I feel blessed to be married in a house where my family understand the pressures on me. My husband not only helps me in washing the weekly cargo of clothes, but also warms food and cleans the kitchen post dinner. Resulting this we get enough time to spend with each other. We connect over our common interests of movies, video games and travelling. And this is possible only because he shares the house chores with me.

One fine Sunday, our house was in a mess, clothes lied unwashed, our maid was absent, we had to attend a party in the afternoon and go to work on Monday. I could not imagine to look good or fresh and enjoy a social gathering with so much stress at home. However, my supportive husband agreed to do the laundry while I took care of the cleaning part. The mess sorted in no time and we made it to the gathering, with full energy & freshness. That was the day when I realized the support of sharing.

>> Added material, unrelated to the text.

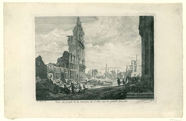 Curator: Immediately I’m drawn to the light; it's somehow both diffused and incredibly directional, creating these sharp contrasts that pull you into the scene. Editor: Yes, that play of light is extraordinary. We're looking at "De Santa Maria Gloriosa dei Frari te Venetië" by Michele Marieschi, an etching dating to 1741, housed right here in the Rijksmuseum. What strikes me is its capture of a very specific moment in the social life of Venice, with the Frari church as a kind of backdrop. Curator: Absolutely. The church looms large, not just as a religious edifice but as a silent witness to daily Venetian life. The figures bustling about… do you see a subtle air of mercantile energy, almost theatrical, woven into the fabric of the cityscape? Editor: Precisely! Venice, at this point, was a liminal space – caught between its glorious past and the pressures of emerging global capitalism. Marieschi’s work, particularly through the engraving medium, allowed for wider dissemination, feeding into the exoticization, and commodification of the city. I mean, just observe how class is displayed on the stage he crafts—the privileged ascending those steps, the workers on the waterfront, even in repose! Curator: The perspective is really incredible. This visual dynamic isn't only an aesthetic device, it creates a world where everything appears balanced and considered; is this, perhaps, Marieschi consciously positioning the church, and maybe by extension religion, as an organizing force? Editor: Or a romanticized projection? The Baroque period was all about spectacle and persuasive power. Perhaps it uses that religious space as a form of state control projected out to citizens or wealthy consumers, almost like subtle propaganda for an imagined Venice. Also notice how Marieschi emphasizes certain buildings with sharp angular shadows—almost violently graphic! Curator: Fascinating observation. That juxtaposition of divine presence and worldly activity encapsulates the Baroque aesthetic: the spiritual intertwined with the human. Editor: I agree that it beautifully demonstrates Venice as a site where public spectacle blends with individual lives, religion intersects with commerce, and history continually collides with a constantly transforming present. I look forward to lingering longer on this tension that Marieschi seems keen to represent! Curator: And, certainly for me, this close observation reconfirms art's potent capacity to be far more than just an image. It’s a portal to understanding values.

So if a man and woman are considered equal for the house, shouldn't both of them share and contribute equally? Sharing means caring. Where does it vanish when it comes to sharing the household job? Ask a married working lady her routine after work, she would go on with her never ending list of cooking, cleaning, looking after kids, teaching them, washing clothes, looking after in-laws and so on. A woman works in double shifts. Morning shift in office and evening shift for her family, and that's by default. Even if  the woman chooses to be a housewife, she is on duty round the clock. Talk about paying her, one would say "Its her responsibility!". One can at least not expect her to work like a machine and share some work to releive her of stress, mentally and physically, both.
An equal involvement in home jobs, bonds a family psychologically besides imparting a feeling of togetherness & security. Thankfully the stereotypes are changing. Ariel's initiative of sharing the load and making men understand that laundry is not a woman's job alone is worth appreciating.